There was not much time to think. All of a sudden the whole airport came alive with the sounds of violence. A pitiful cry drifted in from the palm-shrouded darkness of the parking lot as Skinner made his hit ... and then I crashed into the fat boy at top speed, leg-whipping him in the groin as we collided and then tumbled wildly across the tile floor and into the wall of the Avis booth.

I grabbed him by the hair and bit deeply into the flesh on the side of his neck. The sudden taste of hot blood caused me to bite him twice again before he went stiff and started making sounds like a chicken.
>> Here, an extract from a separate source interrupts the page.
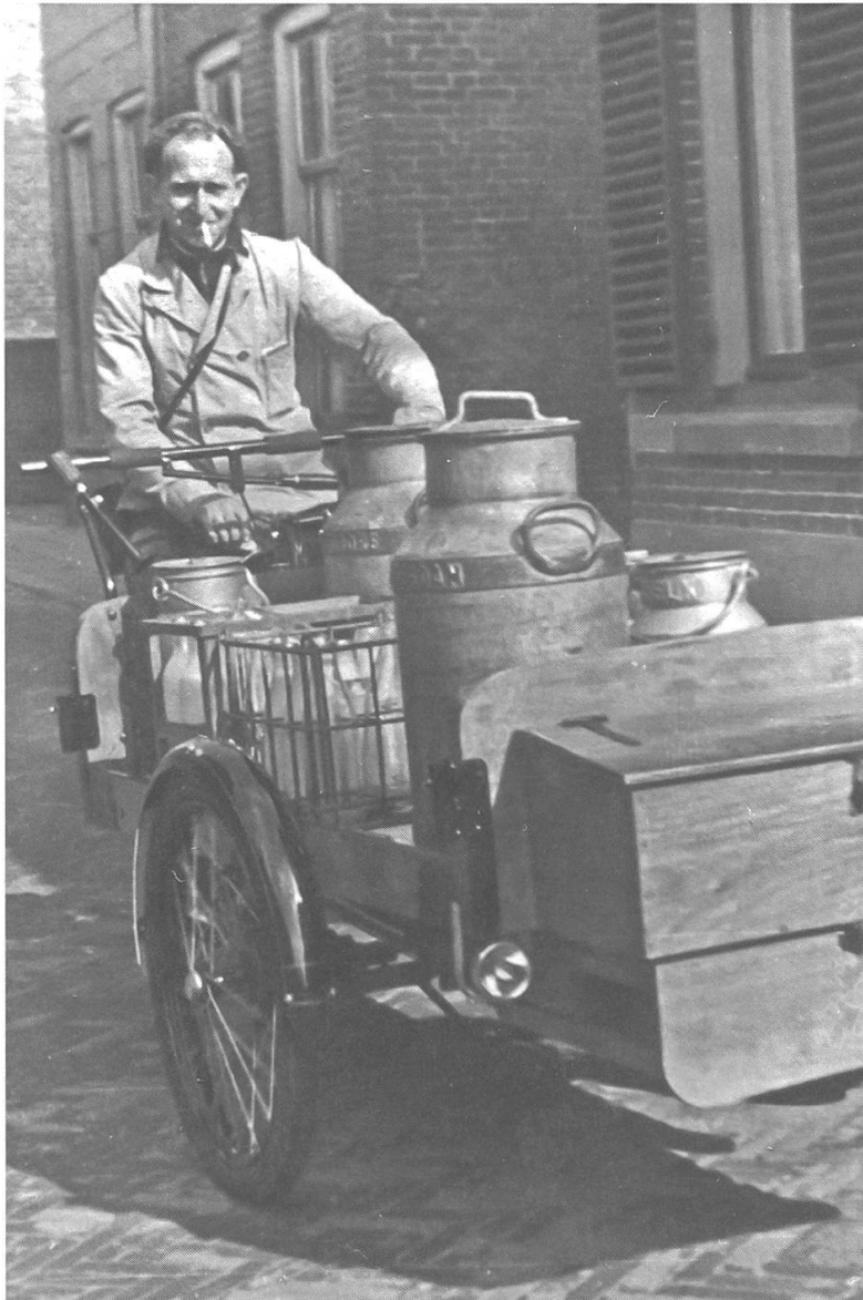
Abb. 9: Zustellung von Molkereiprodukten per Lastenrad, Ameide, Niederlande, 1950er-Jahre. (Nieuwsblad van de Historische Vereniging Ameide en Tienhoven, 2015-3, 34)

sind bislang nur schwer einzuschätzen. Dies gilt auch für die täglich im gewerblichen Gebrauch zurückgelegten Distanzen. Werbeanzeigen begründen erhöhte Zuladungsmöglichkeiten damit, dass auf diese Weise auf einer Tour zusätzliche Kunden bedient werden könnten. Ihre Gesamtlänge dürfte je nach Bedarf erheblich variiert haben. 34 Bei dem flottenmässigen Einsatz von Lastenrädern, insbesondere für die Post- und Milchbelieferung, ist von festen Tagestouren auszugehen. Für sehr schwere Lasten, beispielsweise den Transport von Bauteilen für Kachelöfen, gab es zuweilen Zuschläge. 35 In den Städten boten für das Kleingewerbe ebenso wie für eine pferdebasierte Infrastruktur genutzte Hinterhoflandschaften mit Schuppen und Remisen ausreichend Möglichkeiten des ebenerdigen Abstellens der Lastenräder, die unbeladen oft 20 bis 30 Kilogramm oder

I got a grip on his hair and dragged him out to the parking lot, where I heard Skinner still whipping on the other one.

"Let's tie these bastards to a tree and play hurricane," I said. He was still kicking the body of the unconscious thief -- but he heard what I said, and smiled.

So we lashed these two Fishhead boys to a palm tree with some yellow nylon cord from my diving bag; then we beat them with tree limbs for twenty or thirty minutes. Finally, when we were too exhausted to whip on them anymore, I wanted to cut off their thumbs with the bone knife, but Skinner said it would be wrong.

***

Later, in my penthouse suite at the Pier House, I felt vaguely unsatisfied.

"We don't need it," Skinner insisted. "The joke's over when you start mutilating people -- hacking off thumbs and weird shit like that. We're not in Damascus, Doc. Get a grip on yourself."

I shrugged. Why not? Why push it?

Skinner was drinking heavily now, but his mind seemed clear. "There could be a few questions when they find those boys tied up to that tree in the morning," he said.

"Never mind that," I told him. ”We have work to do in the morning; we have our own questions to ask."

He stared into his drink for a long moment. "Ah yes,” he said finally, “The Race.”

***

Indeed. We were there to cover the boat race -- big off-shore boomers like Cigarettes and Scarabs and Panteras, ninety miles an hour on the open sea. When I asked if I could ride in one of the race boats, the driver replied, “Sure you can -- but if you have any fillings in your teeth, you'll probably lose them.”

“What?”

“That’s right,” he said. “We kick ass. We never slow down.”

"Okay," I said. "I guess I'll ride with you."

The driver looked up at me from his seat in the cockpit of the boat. It was forty feet long and the whole rear end was two 300-horsepower Chrysler engines. "No you won't," he said after waiting a moment while Skinner took some pictures of his boat. "It's against the rules."

Skinner spit down into the cockpit. "Fuck you, man," he said. "We're riding on this boat. We're taking it to Cuba."

The driver seized a wrench handle and quickly stood up in the cockpit. "You conch bastard!" he snarled. "You spit on my boat!"

Skinner was wearing three Nikons around his neck, and I grabbed him by one of the straps. "Are you sick?" I said quietly. "Is this how you act when I finally get you a decent assignment?"